Docs on what are Locators and how to use them
tree = exso.Tree(root_path:Path|str|None)
Tree.combine
Allows for combining multiple nodes to a single node. Applies only for ‘file’-kind Nodes
synthetic_node = tree.combine(*locators,
with_name:str|None = None,
handle_synonymity:str|list = 'auto',
resolution = 'auto'))
# param *locators: a list|tuple of the node locators you want to combine (locator1, locator2, ..., locatorN). Locators must be of the kind 'file'
# param with_name: the name of the new synthetic node.
# param handle_synonymity: when combining nodes, it's possible to end up with naming conflicts (property1 of locator1 having the same name as propertyN of locatorM).
# if 'auto', and if such conflict emerges, the returned node will have properties with suffixes (prop_locator1, prop_locatorN)

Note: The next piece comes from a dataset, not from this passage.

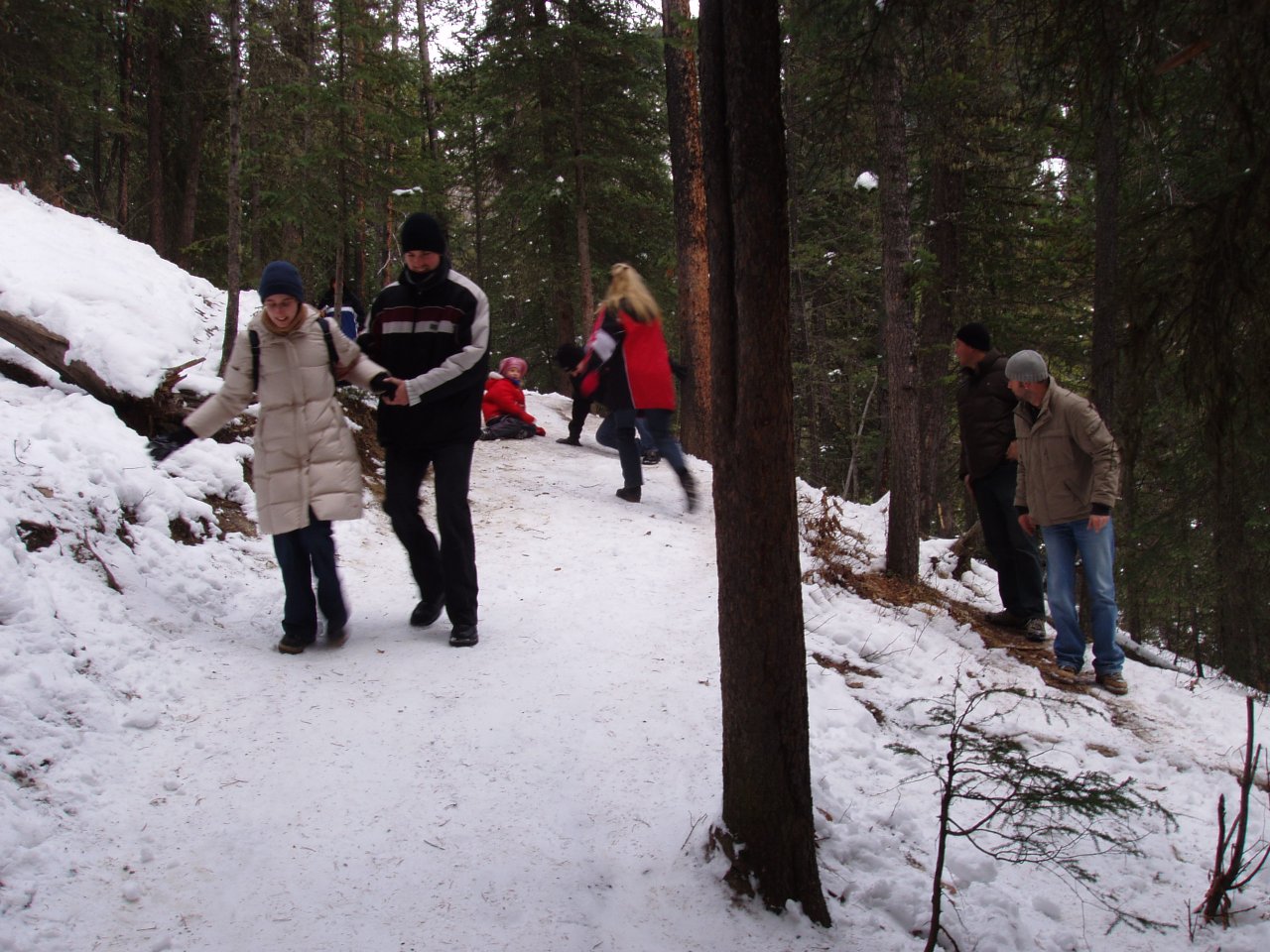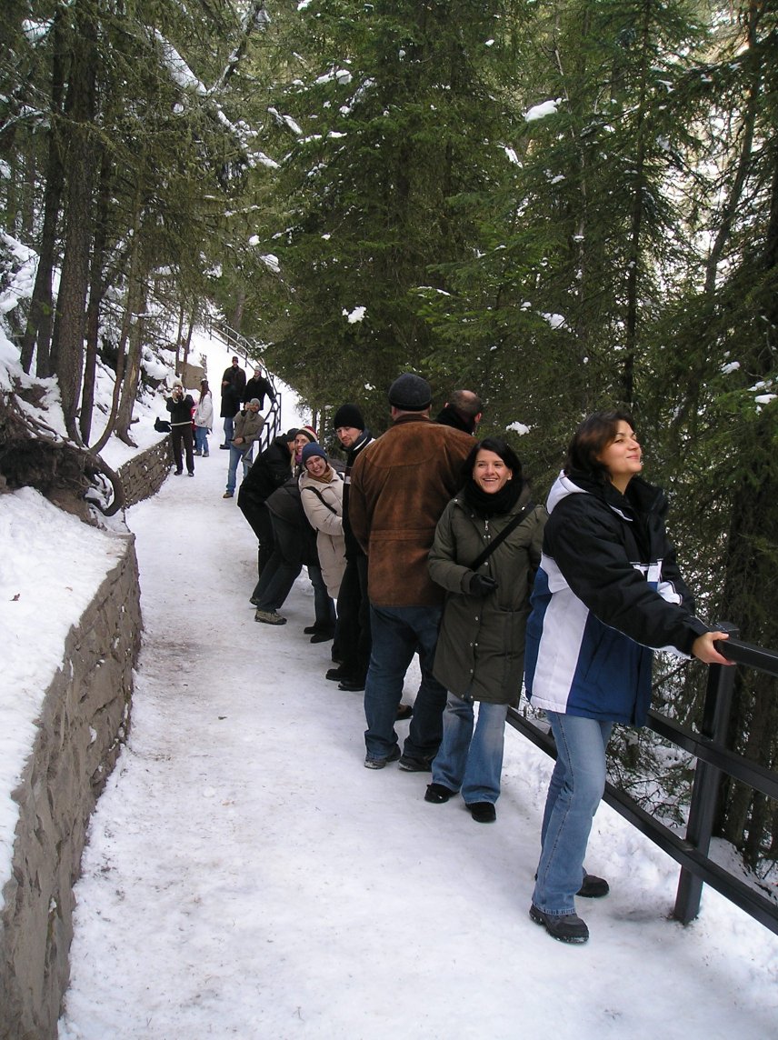 ... auf die arme Gruppe von Wanderern, die sich ab 12.30 Uhr daran machte, den rutschigen Aufstieg (???) zu den Lower Falls und danach zu den Upper Falls zu bewältigen. Da der Untergrund tatsächlich spiegelglatt war, gab es reichlich Gelegenheiten für gewollte und ungewollte Rutschpartien, die zu einer sehr großen Erheiterung bei der Bewältigung des Marsches führten. Interne Sieger der Stolperduelle wurden in den Disziplinen:

# Else, you can provide a list of suffixes to be applied for each locator, which will only be applied if such conflict arises
# param resolution: How to handle nodes with different datetime resolutions. Not really suggested to put anything other than 'auto'
# example for combining MCPs across all markets historically
t = exso.Tree(root_base)
# Since all properties are named "MCP", we provide a custom list to handle this synonymity
mcps = t.combine(('dam_results.results.buy.mcp',
'idm_lida1_results.results.buy.mcp',
'idm_lida2_results.results.buy.mcp',
'idm_lida3_results.results.buy.mcp',
'idm_crida1_results.results.buy.mcp',
'idm_crida2_results.results.buy.mcp',
'idm_crida3_results.results.buy.mcp',
'idm_ida1_results.results.buy.mcp',
'idm_ida2_results.results.buy.mcp',
'idm_ida3_results.results.buy.mcp',
),
with_name="MCP",
handle_synonymity=['_DAM', '_LIDA1', '_LIDA2', '_LIDA3',
'_CRIDA1', '_CRIDA2', '_CRIDA3',
'_IDA1','_IDA2', '_IDA3'])
mcps.plot(tz = 'EET', kind= 'line', ylabel='(e)/MWh', title="MCP Across Markets",)
Tree.visualize
Displays a visual representation of the database structure
tree.visualize()
Tree.__getitem__
The main method to access nodes of the database through node-locators. Checkout Locators and how to use them here
node = tree[locator]
# e.g.
node = tree['root.henex.dam_results.dam_results.results']
# or:
node = tree['dam_results.>>']
exso.Node class
# First, instantiate a tree and a node
tree = exso.Tree("path/to/database")
node = tree["d.n.a.of.node"]
All node methods used for retrieving/exporting/visualizing data use a common set of slicing parameters:
node(start_date, end_data, tz, truncate_tz, **call_kwargs)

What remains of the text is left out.